EXERCISE REQUIREMENTS =>
When you reach the line holding "VINTAGE THE BRADBURY" in the material below, return that line and each one after it, word for word, with the pictures dropped.

INPUT RECORDS =>
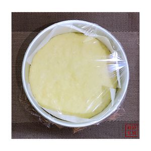 将揉制好的面团放入垫好硅油纸的面包模具里,压平整,盖上保鲜膜,常温放置一个晚上发酵。准备工作基本完成了哈,下一步将是第二天早上开始了哦。
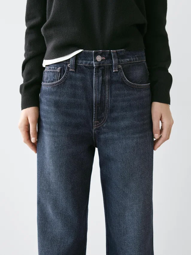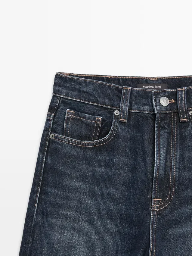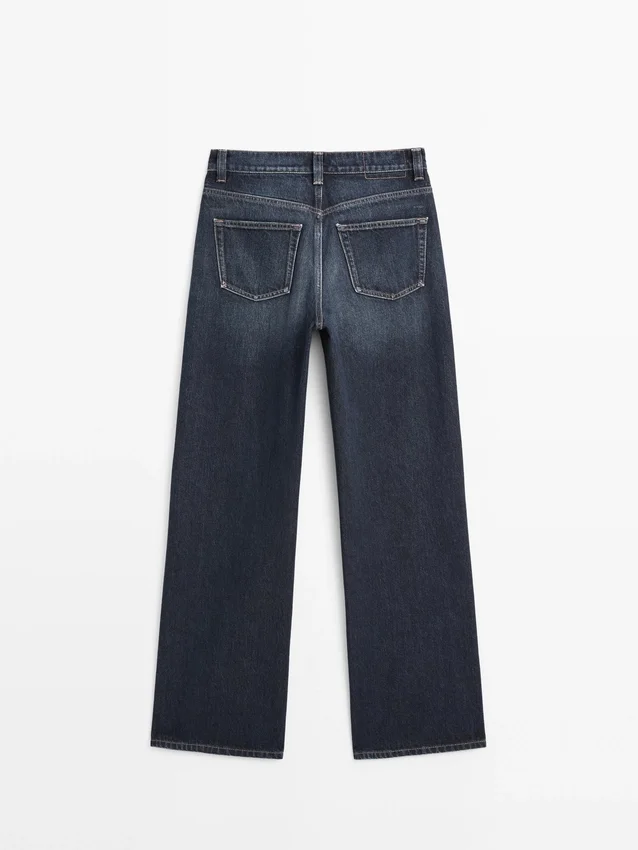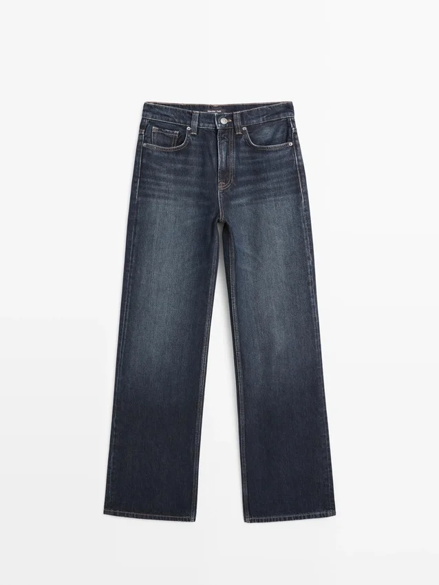 Jeans med vida ben: Denna modell har en vid och lös passform från höft till ankel, vilket ger komfort. Hög midja. Dragkedja fram och knäppning upptill. Design med fem fickor.
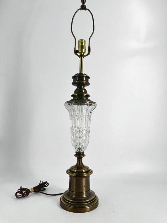VINTAGE THE BRADBURY GALLERY Amber Glass Lamp w/ Leather Look Shade
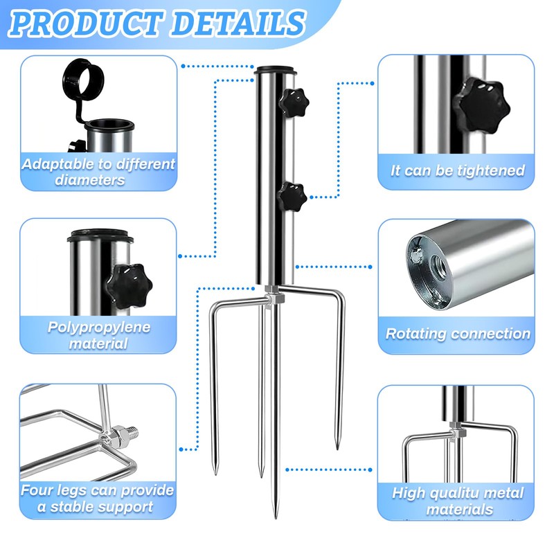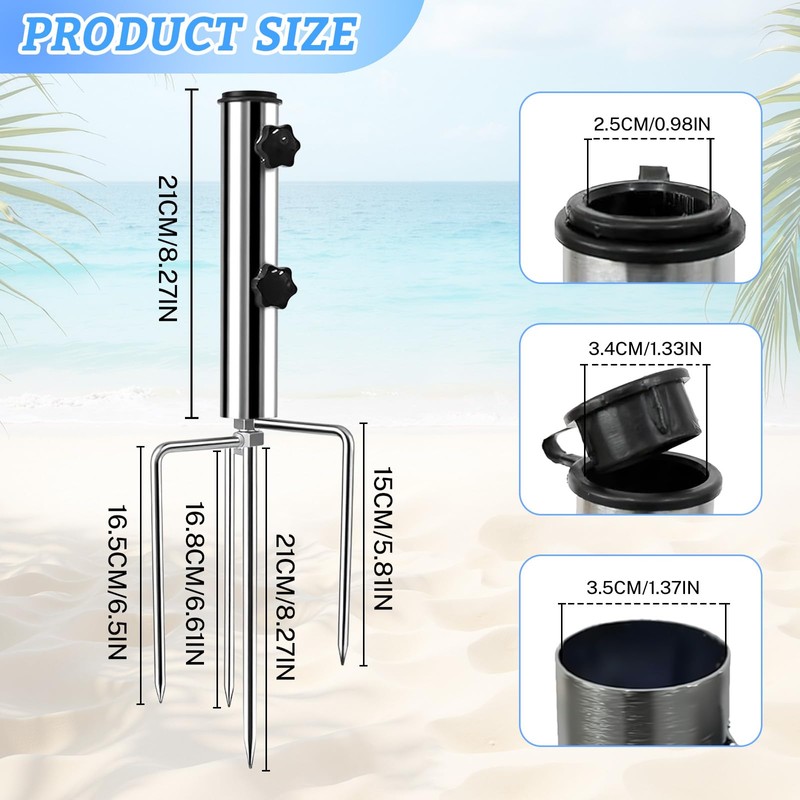 • Versatile: this beach parasol stand is not only perfect for the beach, but also suitable for gardens, caves, fields and backyards. The beach umbrella holder offers flexibility in the choice of location and is compatible with parasol poles with a diameter of up to 3 cm.
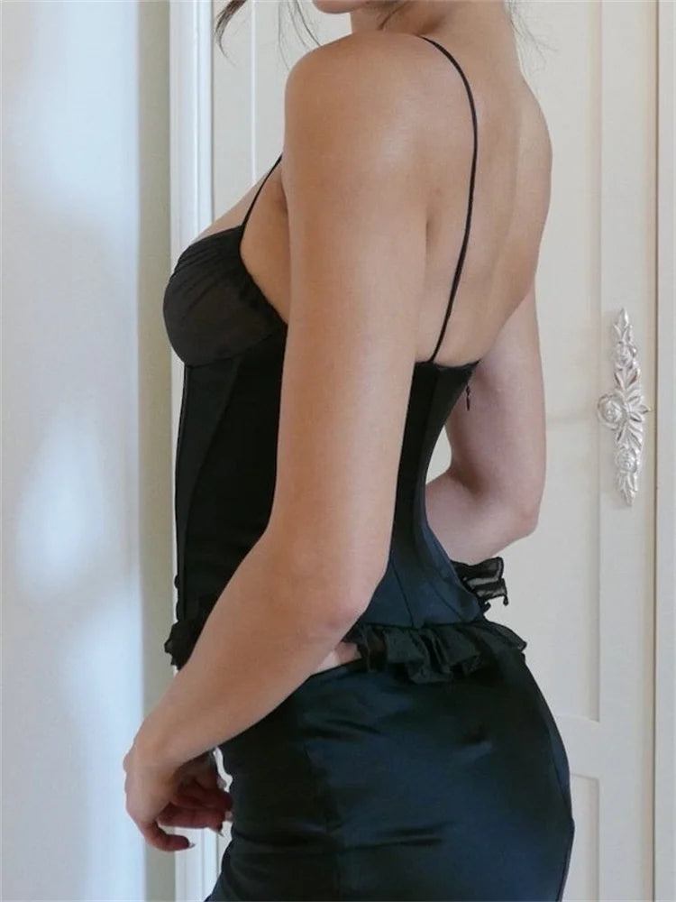 Mesh Sheer See Through Patchwork for Women V-neck Ruffles Hem Buttons Sleeveless Strap Summer Mini Vests Crop Top
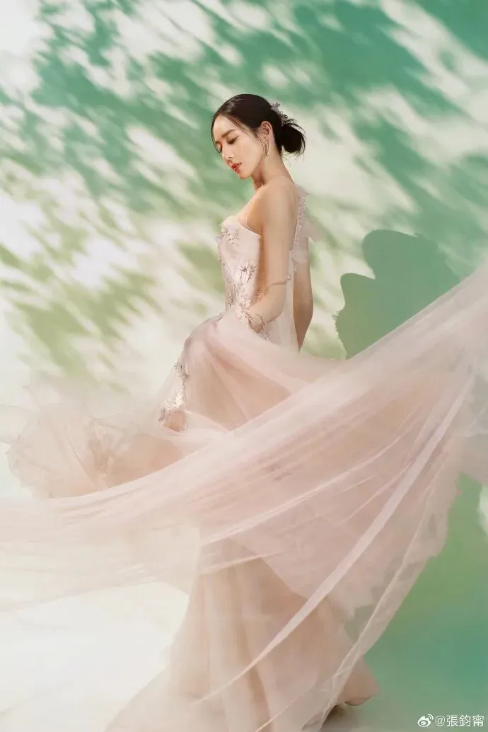 张钧甯粉裙写真性感撩人!被赞从画中走出的仙女
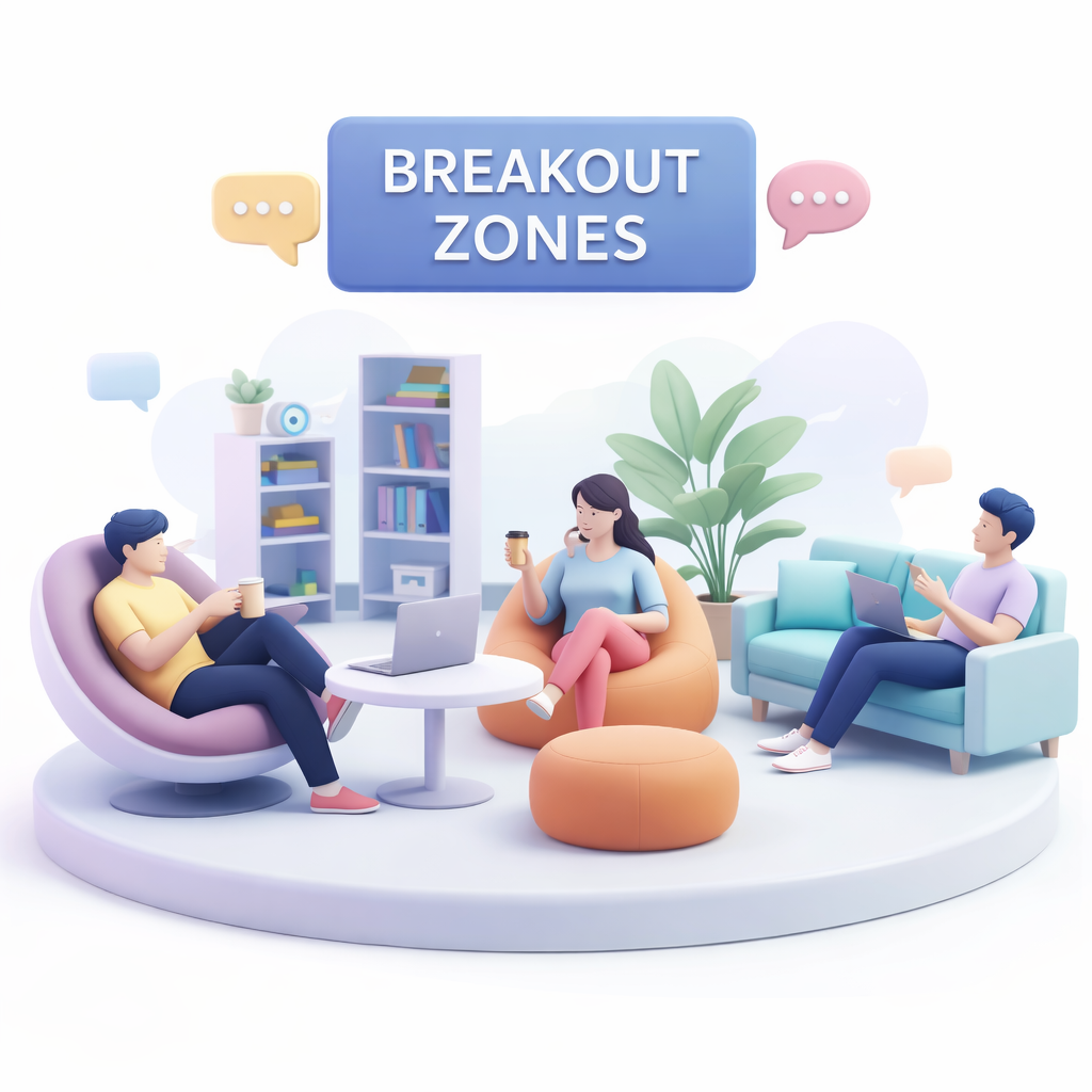 Spaces for relaxed collaboration, brainstorming, and quick team syncs.
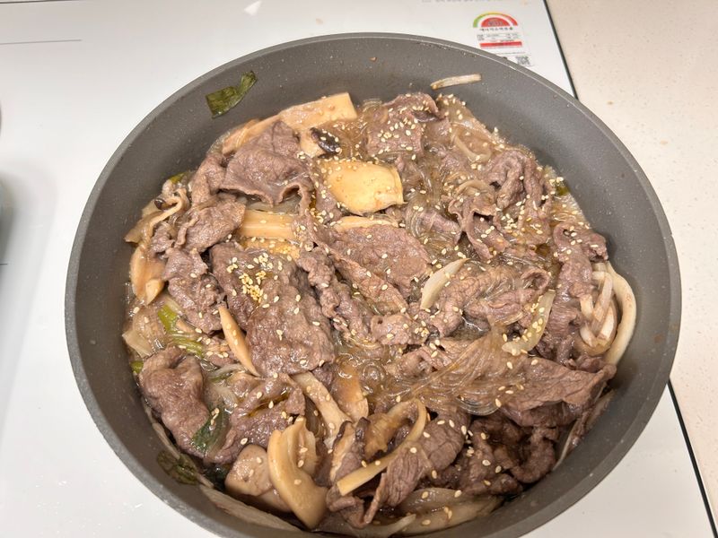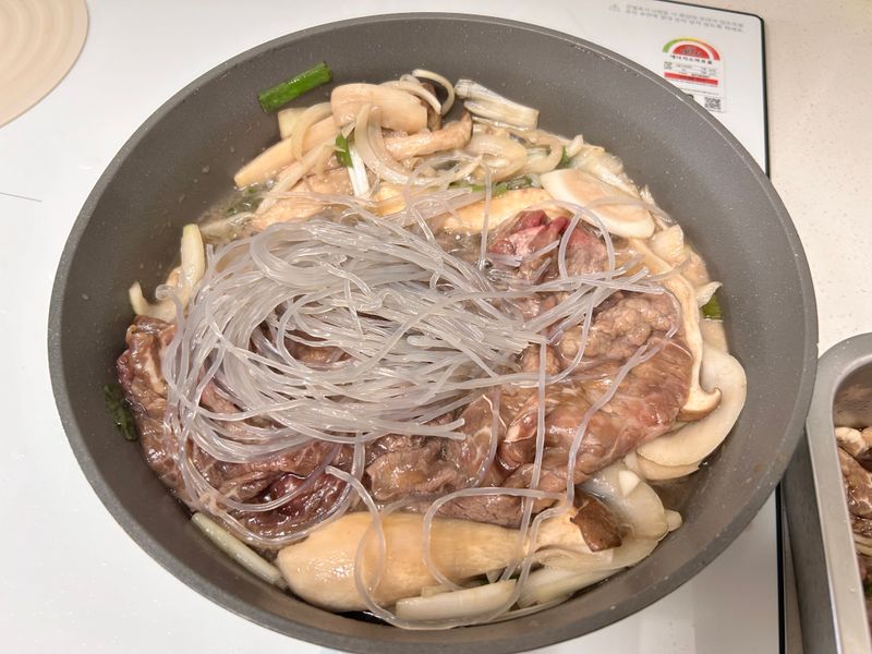 당면을 뜨거운물에 불려둔 후에 먹을 때 같이 넣어줍니다.

REPLY TO THE EXERCISE =>
VINTAGE THE BRADBURY GALLERY Amber Glass Lamp w/ Leather Look Shade
 • Versatile: this beach parasol stand is not only perfect for the beach, but also suitable for gardens, caves, fields and backyards. The beach umbrella holder offers flexibility in the choice of location and is compatible with parasol poles with a diameter of up to 3 cm.
 Mesh Sheer See Through Patchwork for Women V-neck Ruffles Hem Buttons Sleeveless Strap Summer Mini Vests Crop Top
 张钧甯粉裙写真性感撩人!被赞从画中走出的仙女
 Spaces for relaxed collaboration, brainstorming, and quick team syncs.
 당면을 뜨거운물에 불려둔 후에 먹을 때 같이 넣어줍니다.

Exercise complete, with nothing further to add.